**Data provided**
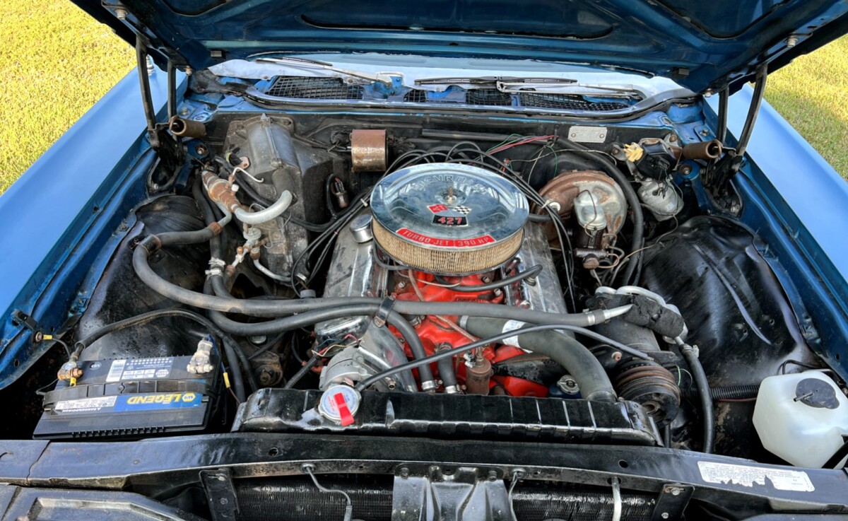 We’re told that this ’69 SS is numbers matching and has the less ferocious version of the 427 (the only one you could get with factory air conditioning, which this seeming survivor has). The motor is paired with a TH-400 automatic transmission and a 12-bolt rear end (lots of torque). We’re told the machine “runs and drives ok” from sitting, so perhaps some tinkering is needed though the carburetor, alternator, and voltage regular are all new. The odometer reading is 44,000 miles, though no claim is made as to whether that is accurate.
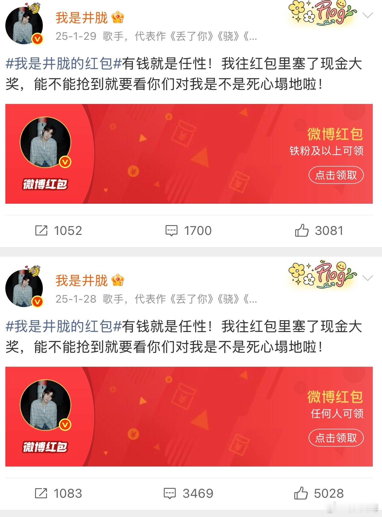 井胧 晚上我再发红包 新春第一封春晚大赏的红包来了,评论区说自己晚上还要继续发~继续等着这个小井胧了!新春茶话会
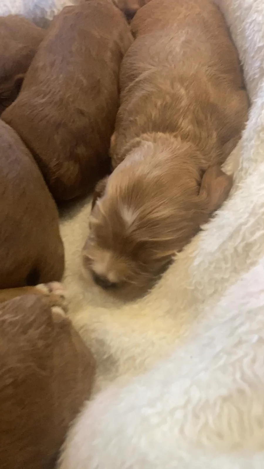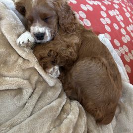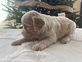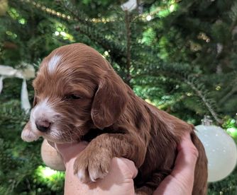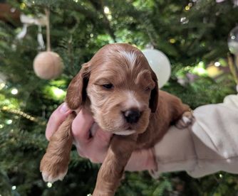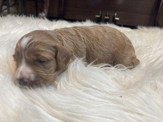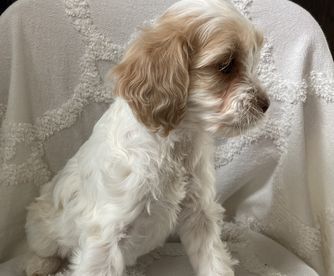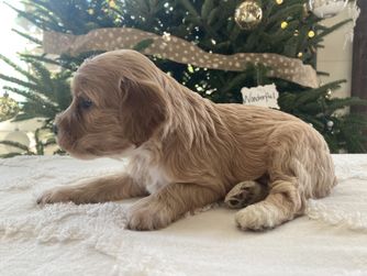 Our Cockapoo puppies include red and white, cream, and buff and white. Colors will vary depending on the parent dogs.

**Exercise instructions**
Output all data exactly, omitting images.

**Reply**
 We’re told that this ’69 SS is numbers matching and has the less ferocious version of the 427 (the only one you could get with factory air conditioning, which this seeming survivor has). The motor is paired with a TH-400 automatic transmission and a 12-bolt rear end (lots of torque). We’re told the machine “runs and drives ok” from sitting, so perhaps some tinkering is needed though the carburetor, alternator, and voltage regular are all new. The odometer reading is 44,000 miles, though no claim is made as to whether that is accurate.
 井胧 晚上我再发红包 新春第一封春晚大赏的红包来了,评论区说自己晚上还要继续发~继续等着这个小井胧了!新春茶话会
 Our Cockapoo puppies include red and white, cream, and buff and white. Colors will vary depending on the parent dogs.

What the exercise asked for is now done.